As many of you are aware by now, my father-in-law, Gordon Lee Baum, Esq., a founder and the present CEO of the Council of Conservative Citizens, passed away last Thursday after a long battle with cancer. He was 74 years old.
I’ve been in St. Louis since Friday afternoon. Gordon’s funeral, which was attended by a number of CofCC members as well as by many local people whose lives he had touched over the years, was Sunday. We buried him yesterday. Renee and I found the photo above while looking through some of his old boxes here. It struck me as the image that best captured who he was and his legacy to our generation.
Gordon was not someone who admitted defeat, who gave up, and that is putting it mildly. Since he was 16-years-old, he spent his entire adult life completely devoted to the cause of our people – literally days before his death, while he recovered from pneumonia, he was telling us to call various CofCC members. Even then, his mind was still focused on the cause. In this way, he reminded me of one of my heroes, the South Carolina fire eater Robert Barnwell Rhett, who once said, “I will keep up the fire, if like a lost hunter in a prairie, I have to kindle it alone, with my gun flint, and watch by the blaze, rifle in hand to keep off the wolves.”

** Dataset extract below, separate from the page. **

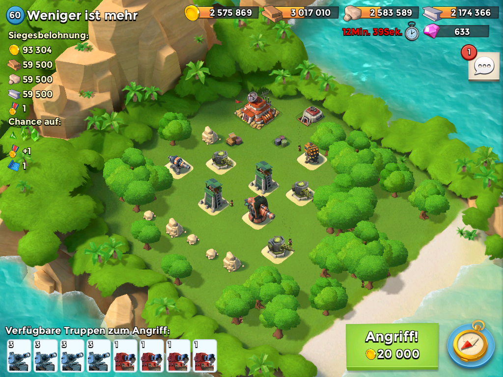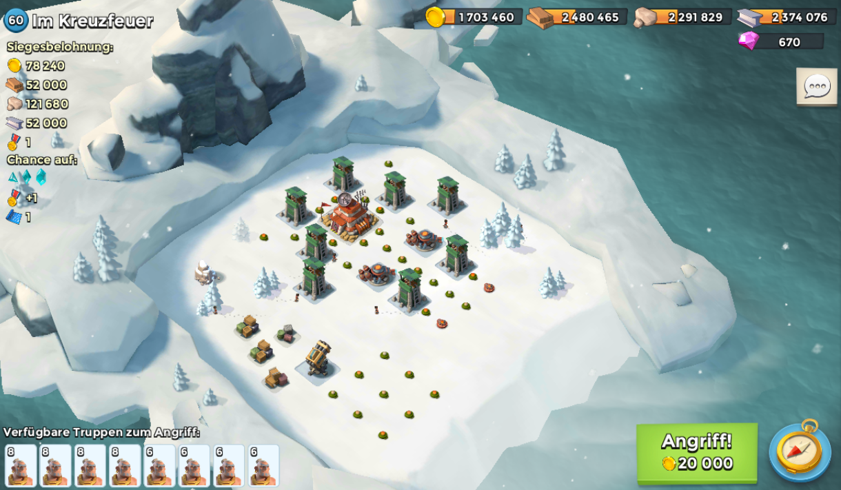 es kommt immer drauf an wer dich angreift. für ALLE gibtves keine optimale Aufstellung, habe ich dir aber mal meine Map angehangen (auch wenn im Level etwas höher). Hier bekomme ich von den meisten Angreifern auch Dias als "Pfand".

That was my father-in-law in his time: when the Civil Rights of Act of 1964 was passed, when the Citizens’ Councils movement collapsed, when George Wallace, Strom Thurmond, and all the rest repudiated segregation and proclaimed their newfound faith in “racial equality,” when others quit, Gordon Lee Baum stood firm. As the world entered the present Dark Age, Gordon was there to keep up the fire of resistance. Together with other veterans of the Citizens’ Councils, he rebuilt the defunct organization as the Council of Conservative Citizens (CCC) in the 1980s, which has remained down to the present day an island of stability in the pro-White movement in the United States.
Like many alienated young people, that’s what first caught my eye about the CofCC. By then, it was an established institution with an unmatched record of stability, an organization with deep roots in the old resistance to the Civil Rights Movement in the 1960s. The CofCC was a natural home for White people with a populist conservative temperament who wanted to work with others, without apology or dog whistles, to preserve and restore traditional Southern values. At the 2010 CofCC National Conference, Gordon gave me a hard sales pitch and I signed up then and there. That was no small thing. It later had a decisive impact on my life.
Every night without fail right down until the end, Gordon sat down in this chair to watch and absorb the local and national evening news. That will be one of my lasting memories of him. He wouldn’t have understood the reference, but he was, so to speak, a “Watcher on the Wall.” Near the end of his life, he watched the entire Ferguson saga unfold. Decades ago, he was watching the St. Louis metro area transform into “Ferguson,” and was dumbstruck that White people passively let it happen.
I stayed up with him many nights here talking about every subject imaginable with the exception of sports: some of his favorite topics were German and European history, the rise and fall of St. Louis, the history of the pro-White movement, his family and ancestors, the Lutheran Church and the existence of racial differences. It’s a shame that he never got around to writing a book about his life’s work. It would have been a good one.
I will also remember Gordon for his good natured sense of humor. Before we were so well acquainted, his nickname for me, apparently, was “Napoleon,” a reference to all the various pseudonyms that I have used in the past, including this one. He was perplexed and amused that people could believe so strongly in the welfare of their people, but were so afraid to be associated with their own beliefs.
Men used to be proud of their names and even prouder of their deeds. They were expected to defend their folk. Why are men in America today so afraid to stand up for what they believe in? Do they really care so much about what liberals think? He didn’t. One of his proudest memories was the CofCC’s role in defending the Confederate Battle Flag in Georgia, Mississippi, and South Carolina.
In hindsight, Gordon’s influence was one of the reasons why I abandoned anonymity and chose to take a more pro-active stand. Whereas previously I had just been a blogger, he convinced me of the importance of organizing our people. Among other things, I learned from him not to fight too much with other people, to stay level headed and good humored in these trying times, and not to get carried away with ideology, abstractions, or to expect too much from ordinary people in this fallen world.
Gordon Lee Baum fought to the end of his life to secure the future existence of his people. One day I will be able to tell my son, which is his grandson, that his grandfather, unlike so many other people, chose to confront this evil for the sake of his future. That’s the example that I want to live up to.